Lunch is an open-air seafood banquet with Mr Shouty, a man whose entire life has been spent yelling up at the topmast on fishing boats, and who seems to have no volume control. But he is beaming when his wife and daughter put the food on the table and I proclaim it in all truth to be the best sea food I have had in my life. There are whole crabs, clams and oysters, freshly gathered that morning, and fish caught with a line. Speaking as someone who often cannot tackle seafood without retching, it is a revelation, even better than the food I had in Hainan. The crew have helped me by loading me up with baijiu beforehand, on the assumption that if there is anything dodgy about the seafood, the alcohol will kill it. We sneak some more firewater into our glasses whenever the crew change their batteries, and Ruby the Interpreter looks on longingly – she is obsessed with clams and mussels, and if left unsupervised, can often found behind an entire midden of empty shells.
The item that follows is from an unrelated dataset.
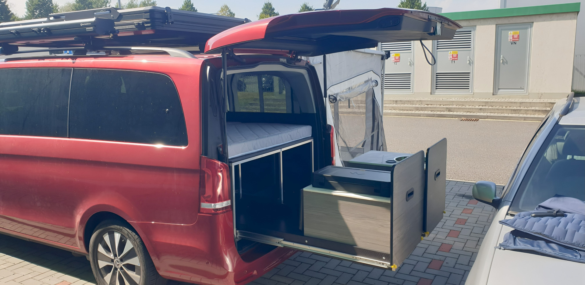 Jedna malá vestavba do Mercedesu V .pojezdy 1500mm na zatěž cca 250Kg,Alu konstrukce .Výbava ECOflow glacier, EcoFlow Wave+záložní baterie a Delta

We end the day on a nearby beach, where I deliver a speech about what Shandong must have meant to the people of Confucius’s day. Chinese civilisation was centred on the Yellow River valley, which must have made the coastline seem like a magical place, the end of the world, where there was nothing to see towards the east but ocean. It was on a beach like this, I suggest, that the First Emperor met the Daoist priest who suggested to him that if he had conquered the world of the living, the new frontier was surely to conquer death itself, an experiment that he could invest in by sending a fleet of ships into the rising sun, in search of the isles of the immortals.

Jonathan Clements is the author of The Emperor’s Feast: A History of China in Twelve Meals. These events appeared in Shandong: Land of Confucius (2018).